Weiterhin umfasst das Bayerische Kompetenzzentrum für Gesundheitsschutz im Klimawandel die Projekte im Themenbereich Klimawandel und Gesundheit am LGL. Ein Projekt, das Susanne Senninger aufführte, war KlapP (Klimaanpassung in der Pflege). Im Rahmen des Projekts wurden bereits verschiedene Informationsmaterialien und Online-Schulungen sowohl für Pflegefachkräfte als auch für pflegende Angehörige erstellt. Zudem wurde im Rahmen des Vortrags auf das Elektronische Polleninformationsnetzwerk (ePIN) des LGL hingewiesen. Das Messnetz zur Erfassung des Pollenflugs in Bayern unterstützt durch kostenlose und aktuelle Pollenflugdaten (verfügbar auf der ePIN-Webseite oder -App) Allergikerinnen und Allergiker dabei, ihr Verhalten im Alltag und ihre Medikamenteneinnahme besser planen und anpassen zu können.

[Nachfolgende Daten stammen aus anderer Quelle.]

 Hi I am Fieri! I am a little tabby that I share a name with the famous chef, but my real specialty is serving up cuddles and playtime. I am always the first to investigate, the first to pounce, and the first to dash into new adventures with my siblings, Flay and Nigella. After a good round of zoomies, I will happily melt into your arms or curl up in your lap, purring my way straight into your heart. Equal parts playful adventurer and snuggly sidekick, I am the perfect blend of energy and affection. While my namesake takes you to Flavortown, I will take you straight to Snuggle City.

Auch wenn es wichtig ist, sich an die jeweiligen gesundheitlichen Auswirkungen des Klimawandels anzupassen, so waren sich alle Teilnehmerinnen und Teilnehmer in der anschließenden Diskussion einig, dass das wesentliche Ziel ist, etwas gegen den Klimawandel zu tun und damit das Problem an der Wurzel anzugehen. Hier sind viele Akteure und Entscheidungsträger gefragt und gefordert, aber jeder sollte auch schon mal bei sich selbst anfangen und eigene Verhaltensweisen überdenken.
Weitere Veranstaltungen der Reihe Klimawandel und Gesundheit 2023
Gemeinsam mit dem Bildungszentrum am Kloster Roggenburg lädt die Gesundheitsregionplus im März zu weiteren Veranstaltungen in der Reihe „Klimawandel und Gesundheit“ ein. „Damit wollen wir auf dieses wichtige Thema aufmerksam machen und den Fokus auf eine wesentliche Folge des Klimawandels lenken, die uns alle betrifft und nicht egal sein darf: Unser aller Gesundheit“, sagt Marc Löchner.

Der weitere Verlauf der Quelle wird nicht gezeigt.